- [Dataset items]:
● ● ● ●

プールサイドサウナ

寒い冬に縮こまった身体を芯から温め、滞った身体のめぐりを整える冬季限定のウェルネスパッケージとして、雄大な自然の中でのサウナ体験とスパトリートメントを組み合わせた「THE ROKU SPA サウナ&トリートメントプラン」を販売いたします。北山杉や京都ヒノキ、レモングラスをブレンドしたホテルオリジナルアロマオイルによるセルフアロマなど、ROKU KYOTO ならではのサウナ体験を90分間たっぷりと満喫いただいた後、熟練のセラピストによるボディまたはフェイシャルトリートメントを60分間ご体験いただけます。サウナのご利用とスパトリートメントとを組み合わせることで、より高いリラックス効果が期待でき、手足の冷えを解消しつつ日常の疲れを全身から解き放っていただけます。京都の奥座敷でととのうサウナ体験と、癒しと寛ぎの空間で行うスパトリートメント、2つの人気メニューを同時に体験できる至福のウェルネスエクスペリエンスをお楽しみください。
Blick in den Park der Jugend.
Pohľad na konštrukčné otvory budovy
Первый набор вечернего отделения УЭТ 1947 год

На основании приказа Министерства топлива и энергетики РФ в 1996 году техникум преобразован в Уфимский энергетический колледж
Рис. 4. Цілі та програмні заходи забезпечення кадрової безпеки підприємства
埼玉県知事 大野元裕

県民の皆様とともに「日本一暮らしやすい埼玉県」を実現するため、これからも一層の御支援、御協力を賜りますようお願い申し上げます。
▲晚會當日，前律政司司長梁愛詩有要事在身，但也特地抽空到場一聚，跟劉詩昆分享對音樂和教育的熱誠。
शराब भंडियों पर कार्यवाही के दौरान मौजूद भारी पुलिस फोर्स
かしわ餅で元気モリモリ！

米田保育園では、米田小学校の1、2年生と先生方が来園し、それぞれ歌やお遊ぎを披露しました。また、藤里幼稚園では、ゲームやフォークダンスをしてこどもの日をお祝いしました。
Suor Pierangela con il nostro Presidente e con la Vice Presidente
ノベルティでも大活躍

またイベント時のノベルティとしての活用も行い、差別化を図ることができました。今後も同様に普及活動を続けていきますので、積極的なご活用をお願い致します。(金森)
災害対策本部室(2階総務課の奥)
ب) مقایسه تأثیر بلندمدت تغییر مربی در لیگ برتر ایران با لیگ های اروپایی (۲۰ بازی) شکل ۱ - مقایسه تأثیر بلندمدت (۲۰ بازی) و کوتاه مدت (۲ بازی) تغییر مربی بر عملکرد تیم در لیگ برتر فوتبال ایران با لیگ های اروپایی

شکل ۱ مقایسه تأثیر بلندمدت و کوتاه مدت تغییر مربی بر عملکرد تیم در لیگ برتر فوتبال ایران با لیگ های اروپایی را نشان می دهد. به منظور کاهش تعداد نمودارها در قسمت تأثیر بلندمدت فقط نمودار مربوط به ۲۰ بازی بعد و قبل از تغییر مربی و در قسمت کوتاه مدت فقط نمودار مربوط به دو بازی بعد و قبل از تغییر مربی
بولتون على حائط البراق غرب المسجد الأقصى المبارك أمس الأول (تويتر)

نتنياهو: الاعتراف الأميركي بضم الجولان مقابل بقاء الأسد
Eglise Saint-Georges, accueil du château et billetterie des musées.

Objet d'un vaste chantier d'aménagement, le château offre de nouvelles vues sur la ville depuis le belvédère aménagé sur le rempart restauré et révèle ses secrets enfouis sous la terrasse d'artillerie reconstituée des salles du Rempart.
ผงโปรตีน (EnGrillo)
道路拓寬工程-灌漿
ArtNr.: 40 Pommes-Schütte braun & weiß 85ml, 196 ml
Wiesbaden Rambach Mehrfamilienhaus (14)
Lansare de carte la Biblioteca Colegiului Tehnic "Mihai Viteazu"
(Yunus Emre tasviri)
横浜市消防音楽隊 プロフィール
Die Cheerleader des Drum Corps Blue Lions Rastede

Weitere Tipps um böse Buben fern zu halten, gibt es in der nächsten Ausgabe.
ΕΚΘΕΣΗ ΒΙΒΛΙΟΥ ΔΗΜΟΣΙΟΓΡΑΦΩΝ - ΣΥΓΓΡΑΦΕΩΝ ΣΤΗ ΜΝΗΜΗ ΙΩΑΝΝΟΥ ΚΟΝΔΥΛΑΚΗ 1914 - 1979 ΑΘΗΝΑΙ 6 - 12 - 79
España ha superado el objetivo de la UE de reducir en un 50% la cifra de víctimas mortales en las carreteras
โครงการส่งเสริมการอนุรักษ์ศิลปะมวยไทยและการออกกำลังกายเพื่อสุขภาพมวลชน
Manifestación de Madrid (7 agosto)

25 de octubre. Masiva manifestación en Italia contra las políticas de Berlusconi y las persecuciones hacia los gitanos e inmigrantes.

● ● ● ●

- [About this exercise]: From the entries above, copy every line that holds the word "فوتبال".

- [Written solution]:
ب) مقایسه تأثیر بلندمدت تغییر مربی در لیگ برتر ایران با لیگ های اروپایی (۲۰ بازی) شکل ۱ - مقایسه تأثیر بلندمدت (۲۰ بازی) و کوتاه مدت (۲ بازی) تغییر مربی بر عملکرد تیم در لیگ برتر فوتبال ایران با لیگ های اروپایی
شکل ۱ مقایسه تأثیر بلندمدت و کوتاه مدت تغییر مربی بر عملکرد تیم در لیگ برتر فوتبال ایران با لیگ های اروپایی را نشان می دهد. به منظور کاهش تعداد نمودارها در قسمت تأثیر بلندمدت فقط نمودار مربوط به ۲۰ بازی بعد و قبل از تغییر مربی و در قسمت کوتاه مدت فقط نمودار مربوط به دو بازی بعد و قبل از تغییر مربی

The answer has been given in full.